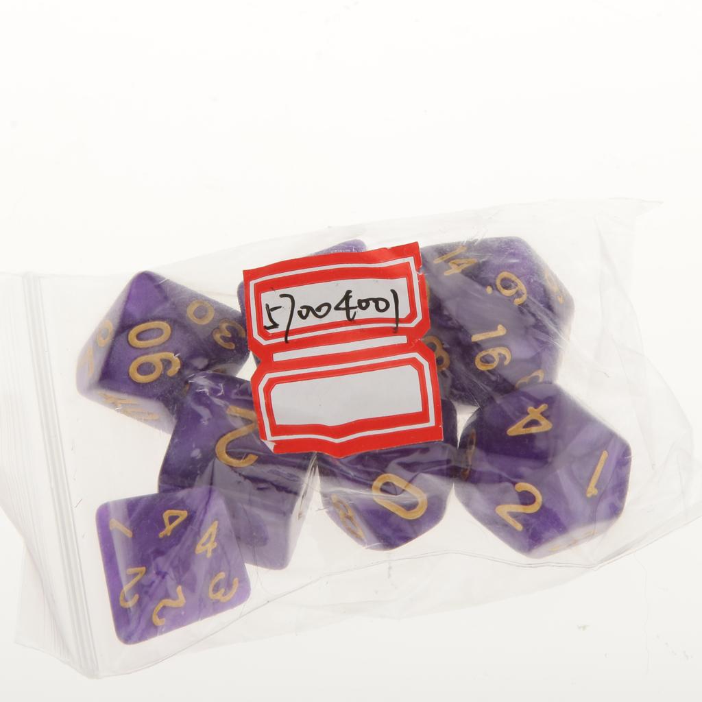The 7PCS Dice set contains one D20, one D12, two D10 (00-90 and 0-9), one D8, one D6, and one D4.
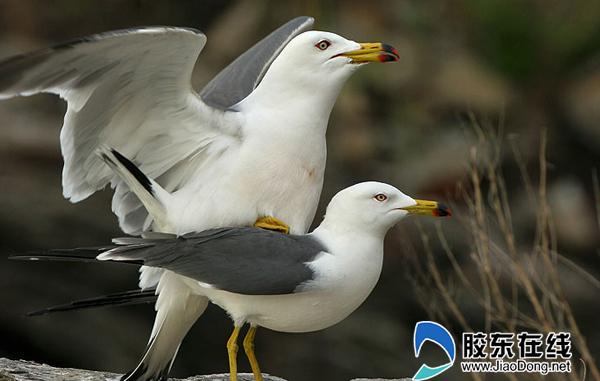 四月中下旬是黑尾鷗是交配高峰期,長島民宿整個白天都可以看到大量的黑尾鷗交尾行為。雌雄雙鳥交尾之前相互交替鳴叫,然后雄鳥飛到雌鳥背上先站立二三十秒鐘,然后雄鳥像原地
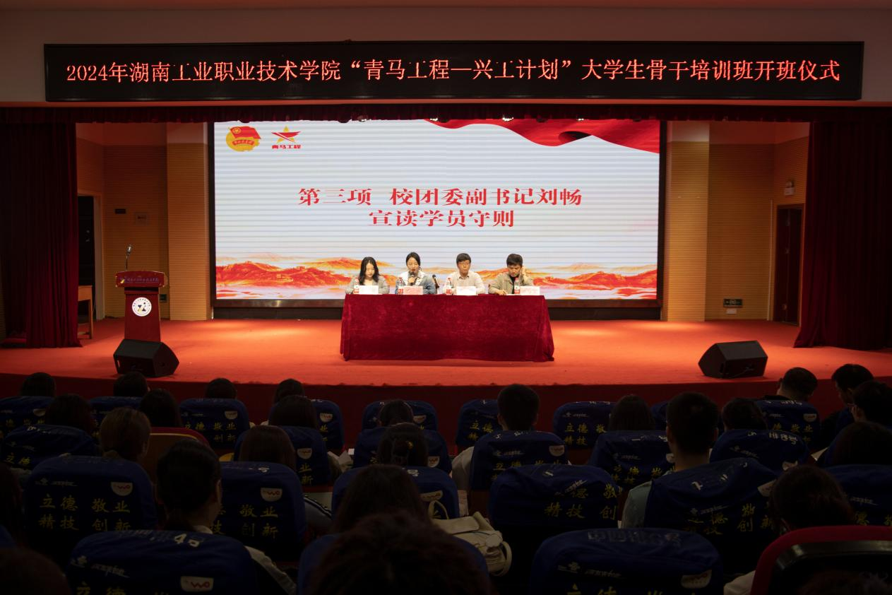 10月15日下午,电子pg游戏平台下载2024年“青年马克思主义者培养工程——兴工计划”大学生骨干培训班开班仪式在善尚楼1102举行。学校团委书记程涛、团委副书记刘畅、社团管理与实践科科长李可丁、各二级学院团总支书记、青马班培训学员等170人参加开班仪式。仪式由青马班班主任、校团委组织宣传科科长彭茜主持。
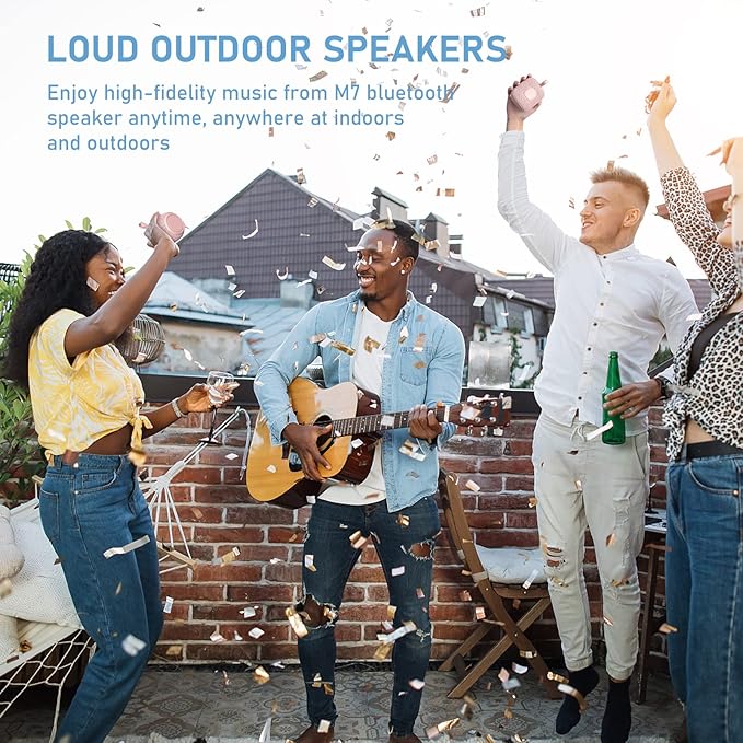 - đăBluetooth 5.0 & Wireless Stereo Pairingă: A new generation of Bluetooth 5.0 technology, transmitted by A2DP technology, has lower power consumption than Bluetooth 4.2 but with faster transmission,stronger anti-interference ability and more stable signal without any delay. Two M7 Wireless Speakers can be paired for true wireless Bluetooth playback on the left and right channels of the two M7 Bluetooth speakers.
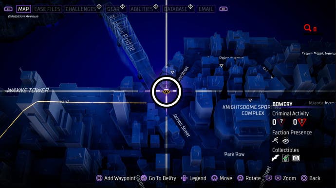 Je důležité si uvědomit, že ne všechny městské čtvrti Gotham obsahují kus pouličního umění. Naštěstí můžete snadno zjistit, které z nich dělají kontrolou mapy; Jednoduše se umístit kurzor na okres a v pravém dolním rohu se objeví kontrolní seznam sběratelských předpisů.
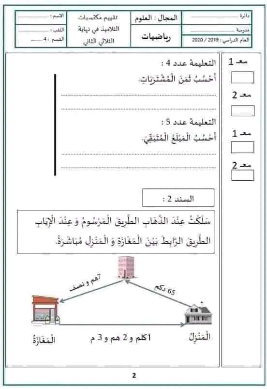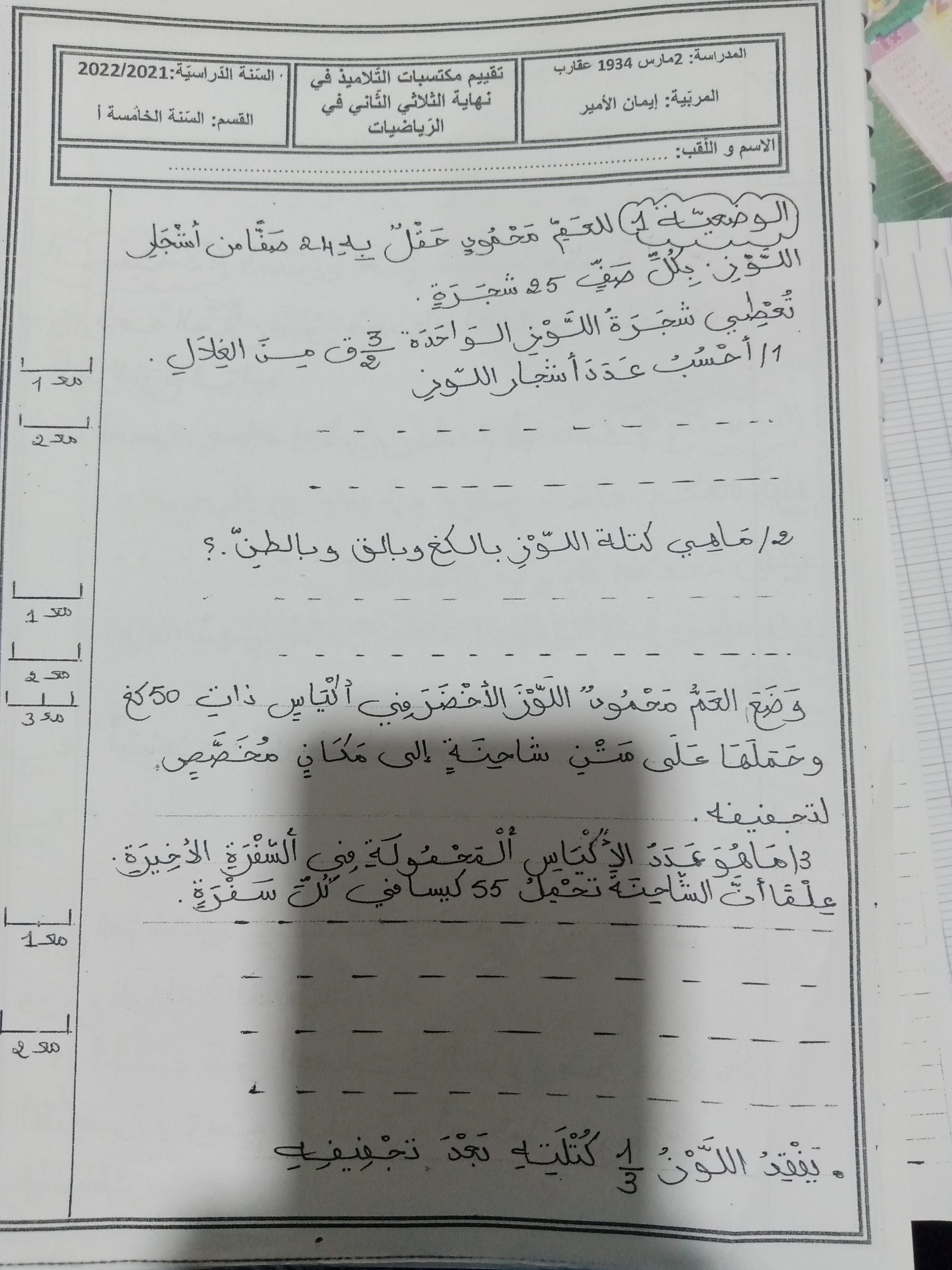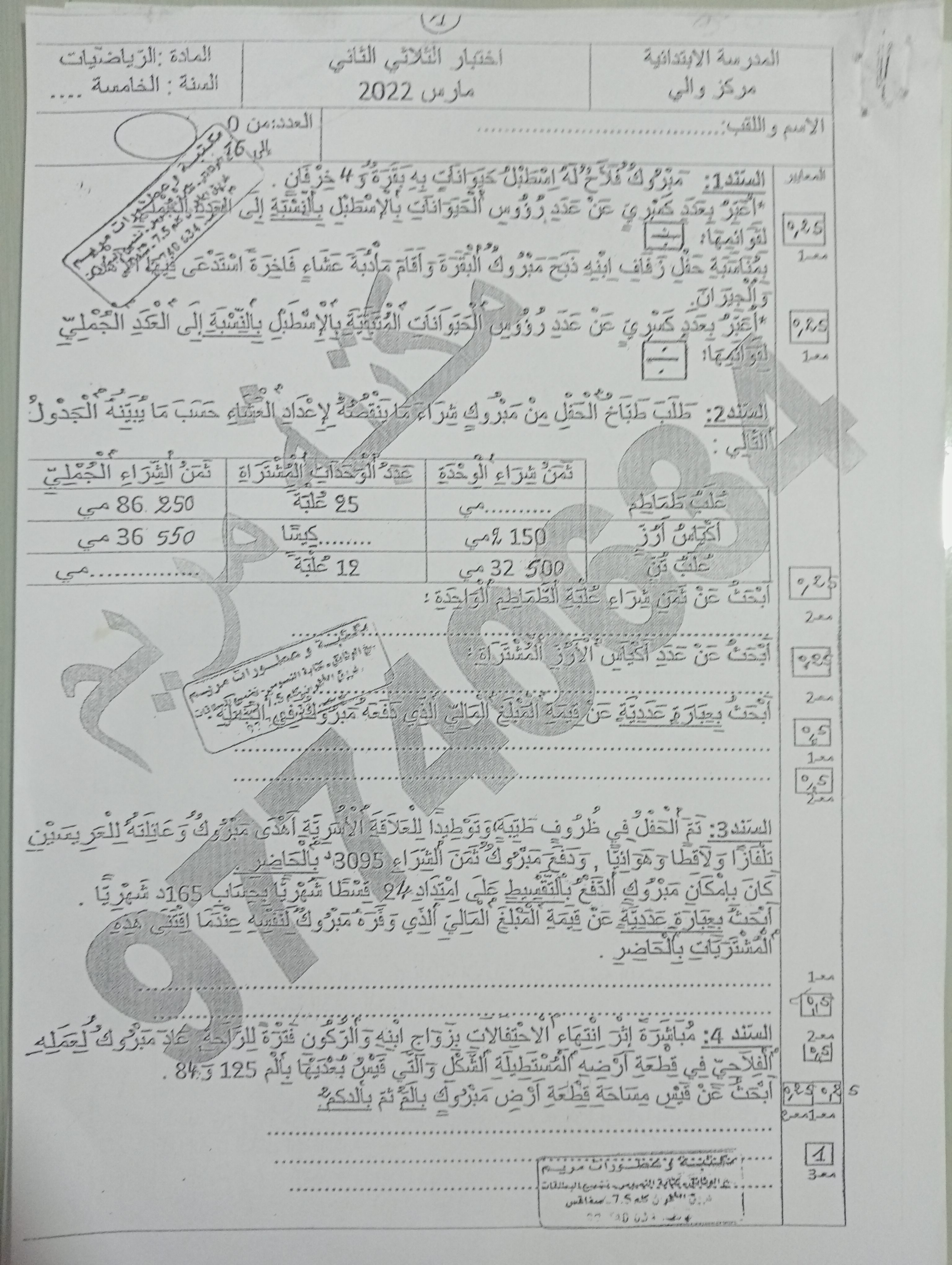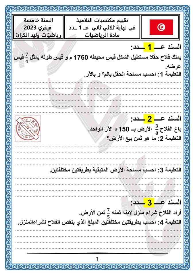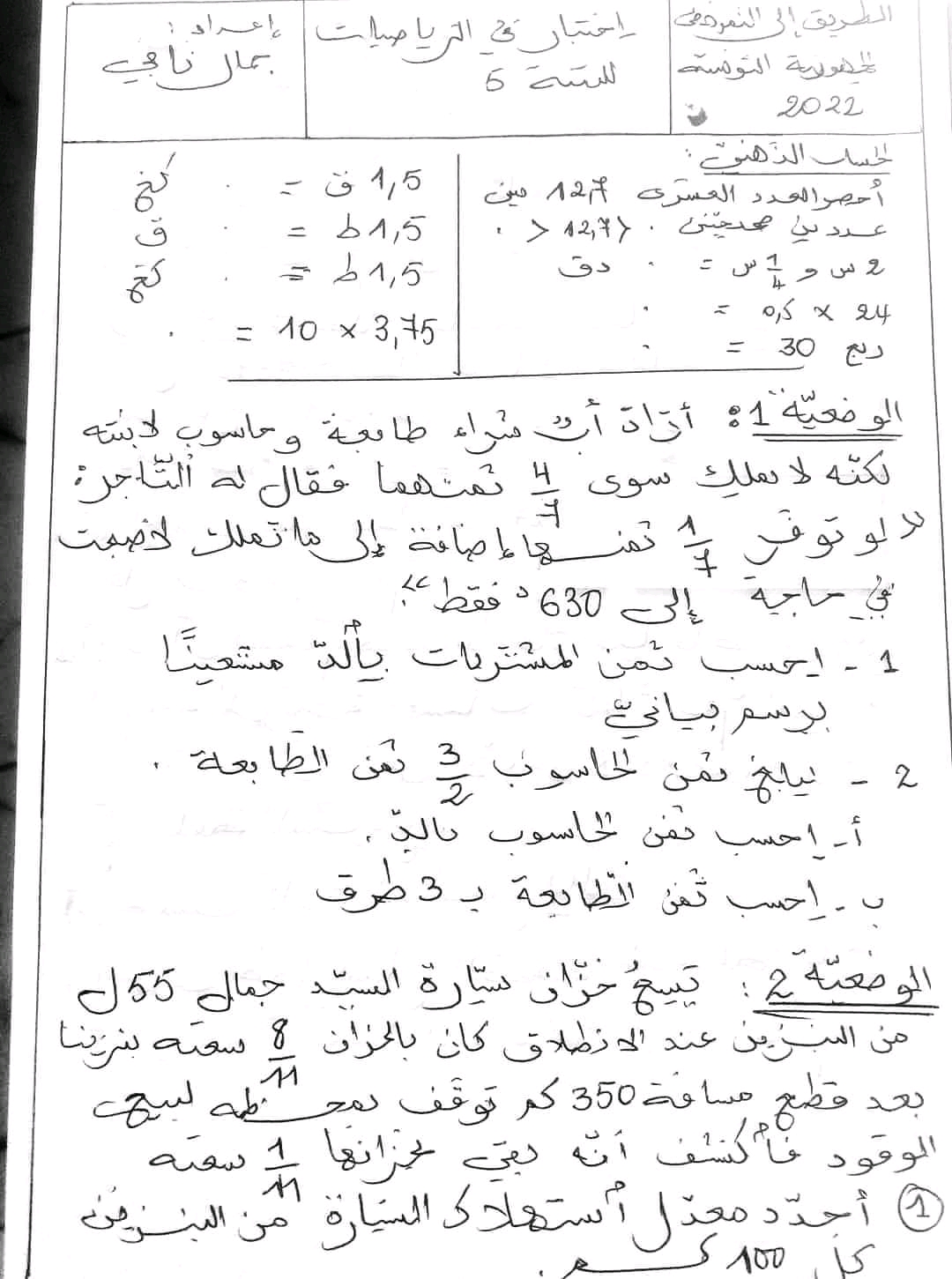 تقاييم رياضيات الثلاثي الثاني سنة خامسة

------------------------------------------------

Pictures aside, return all the entries above exactly.

▸ Solution:
The 7PCS Dice set contains one D20, one D12, two D10 (00-90 and 0-9), one D8, one D6, and one D4.
 四月中下旬是黑尾鷗是交配高峰期,長島民宿整個白天都可以看到大量的黑尾鷗交尾行為。雌雄雙鳥交尾之前相互交替鳴叫,然后雄鳥飛到雌鳥背上先站立二三十秒鐘,然后雄鳥像原地
 10月15日下午,电子pg游戏平台下载2024年“青年马克思主义者培养工程——兴工计划”大学生骨干培训班开班仪式在善尚楼1102举行。学校团委书记程涛、团委副书记刘畅、社团管理与实践科科长李可丁、各二级学院团总支书记、青马班培训学员等170人参加开班仪式。仪式由青马班班主任、校团委组织宣传科科长彭茜主持。
 - đăBluetooth 5.0 & Wireless Stereo Pairingă: A new generation of Bluetooth 5.0 technology, transmitted by A2DP technology, has lower power consumption than Bluetooth 4.2 but with faster transmission,stronger anti-interference ability and more stable signal without any delay. Two M7 Wireless Speakers can be paired for true wireless Bluetooth playback on the left and right channels of the two M7 Bluetooth speakers.
 Je důležité si uvědomit, že ne všechny městské čtvrti Gotham obsahují kus pouličního umění. Naštěstí můžete snadno zjistit, které z nich dělají kontrolou mapy; Jednoduše se umístit kurzor na okres a v pravém dolním rohu se objeví kontrolní seznam sběratelských předpisů.
 تقاييم رياضيات الثلاثي الثاني سنة خامسة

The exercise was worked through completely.